I guess I had it in my head that bands had 30-40 min set times, which cuts off potentially 3-4 songs if you had a shorter set, but it doesn’t sound like anyone had to cut *that* much short. so I think my broader question is did they do anything differently to give the average bands more time to play a full album (or most of one+others) compared to warped which cut off everyone at 30, or was there a correlation between bands with shorter sets not playing full albums? I haven’t gone either year so I’m just trying to reconcile what all seemed like logistical impossibilities with what sounds like a generally successful experience.
From the outside looking in it seems like bands were asked to play albums and no thought was gone into how long those albums were. Maybe don't ask Coheed to play a 70+ minute album?
from Mike’s ama from a few weeks ago, bands weren’t asked. They were told what they were playing, and they were told after agreeing to play wwwy.
They must've been paying a ton of money for bands to not pitch a huge fit about that. I know a few still did, but still.
"Pretty standard TBS" isn't a good excuse. If anyone should be lip syncing, it should probably be them haha.
I'm hearing some pretty rough reviews to the lame crowds this year. Little to no moshing, or even movement at all. I'm glad I went in 2023 then
I saw The Used open for Taking Back Sunday and Blink 182 20 years ago and The Used were hands down the best of the three live. Good to know it's only gotten worse.
mcr was so good!

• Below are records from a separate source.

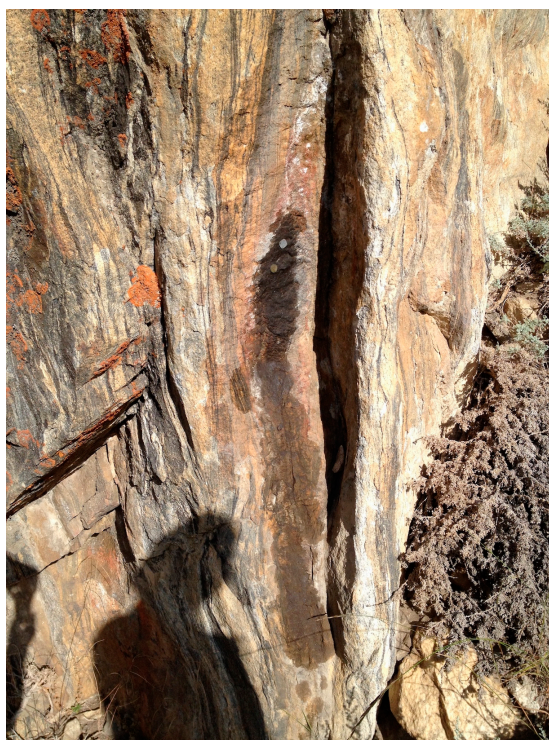
Figure 8. The khandroma's vulva.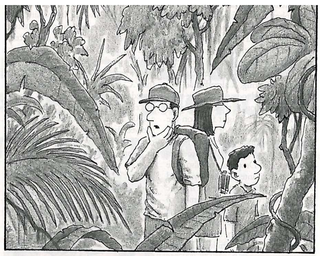
"O.K., I admit it, we're lost, but the important thing is to remain focussed on whose fault it is."

It's no one's fault; it will take all of us to change it.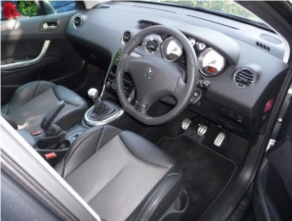
The driving compartment is comfortable and attractive.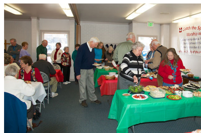
So many decisions to make at the Holiday Potluck on 10 December.!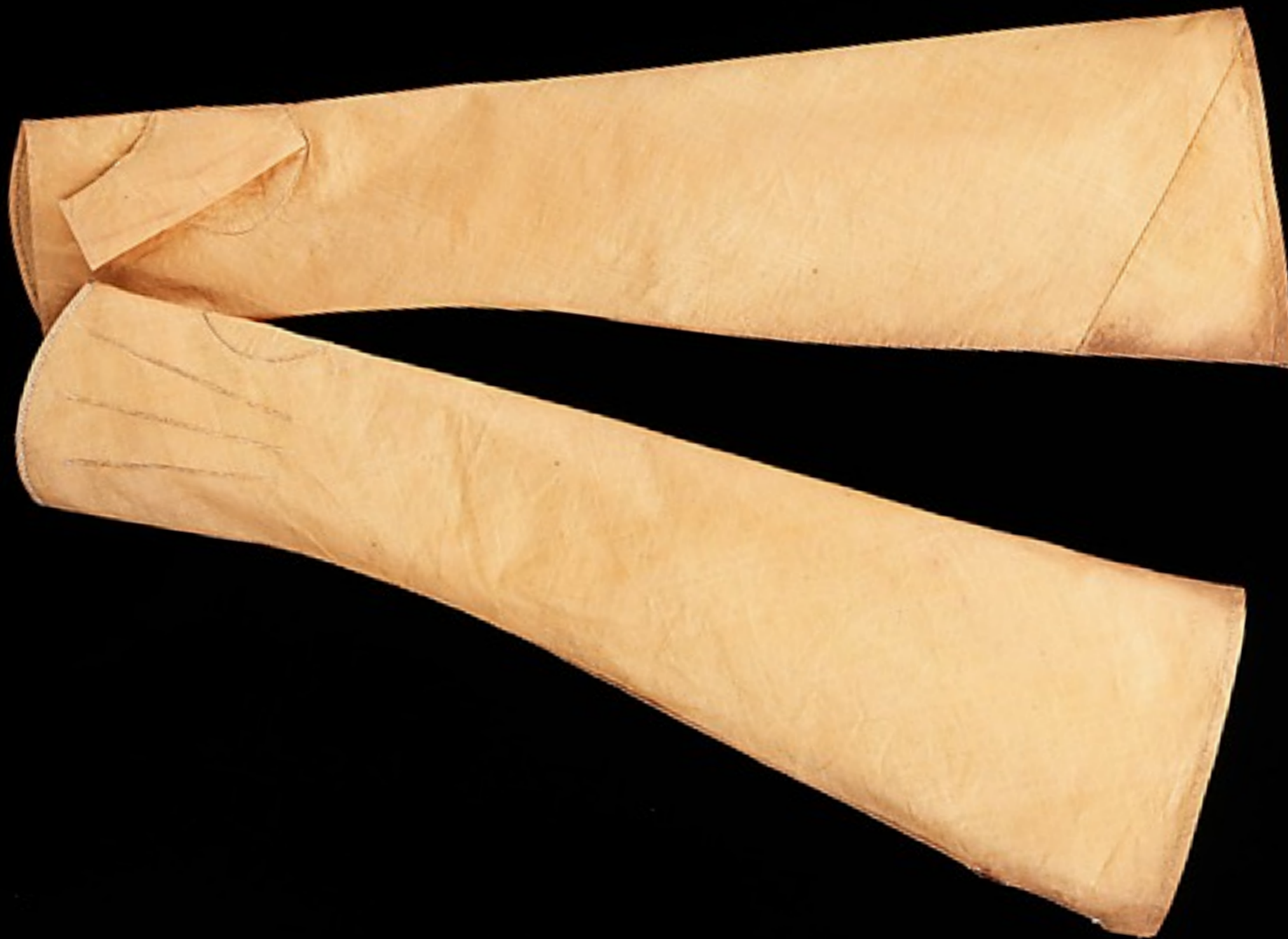
English Cotton Mitts c. 1770 (Metropolitan Museum of Art)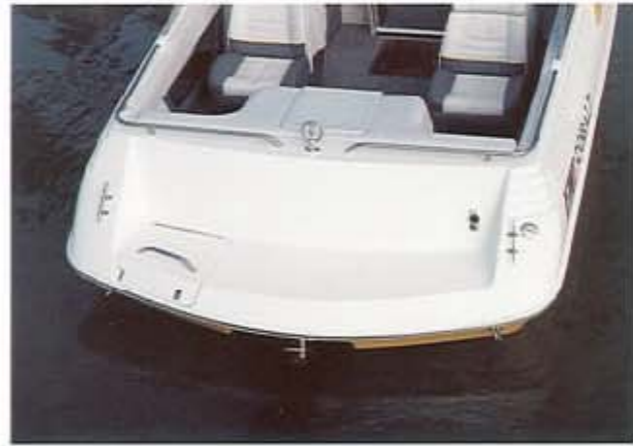
Integral swim deck (206 shown)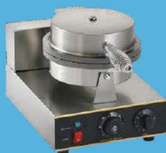
CODE: CT/364 ELECTRIC CONE WAFFLE MAKER WITH CONE

Model: Power: 1KW Voltage: 220V Size: (360x250x230)mm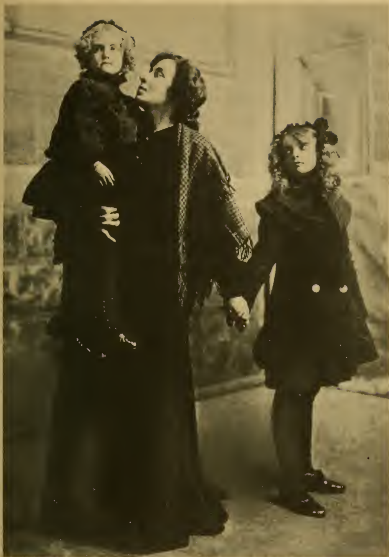
A SCENE FROM "HER FIRST FALSE STEP"

I was so tired though lol. got to see all the bands I loved in 2010 (boys like girls we the kings the maine even hey monday despite the underwhelming set). v happy saw all of the above + mayday parade, the used (great), silverstein (one of the best sets), we the kings (great but still mad about august is over >:)) saves the day, a bit of nada surf, snippets of jimmy and hawthorne I watched a bit of the starting line and felt bad for Kenny. clearly didn't want to be there but was trying to put on a show regardless.
Made a shirt for Saturday and had a great time at UO’s set! Overall great day, Stay What You Are was my favorite of it all - but holy cow an I out on festivals now. Too many people.
I went both days and have bruises from the pits I was in, but definetly I expected more and bigger ones. Still had a blast tho! Easy to move around and grab a good spot for almost every set
Okay I'm hearing this from friends who don't typically mosh but then again idk what the side stages or the early pits were like. I'm not talking the end...hey, even for me, by the time Green Day came around my tank was on empty
I will repeat what I say every time TBS live is criticized...if you are going to see TBS for some incredible musicianship you are at the wrong show....you go to see TBS live to jump around and scream lyrics with a crowd of like minded fans
But it's not about simply the act of moshing, and i think that's something that a lot of anti-mothers dont get.... there's a sort of energy that a crowd with "movement" bring vs no movement. It also makes it tougher to go stage to stage without movement. I am not a violent mosher by any means, but if i can't hop up and down and have a good time, then I'm not interested. I pick my shows based on my assumption of their being good movement. If I don't think that's gonna happen then I skip it
unpopular opinion: moshing is fine, crowd surfing has always bothered me, especially jumping on people or trying to pull up on someone to get up. I'm a bigger dude, so I understand how "first world problems" this sounds since I can always see the stage well, but I absolutely hate getting jumped on unexpectedly or having someone think that just because I'm tall means you can use my body as a ladder to get on top of the crowd.
I think everybody's definition of "moshing" is also fully different. Whenever I hear that a show like this has "no moshing" or whatever, my brain auto-corrects it to "people weren't really moving or dancing at all." Which isn't all that uncommon for your average festival. Especially one that draws in people who don't usually go to shows.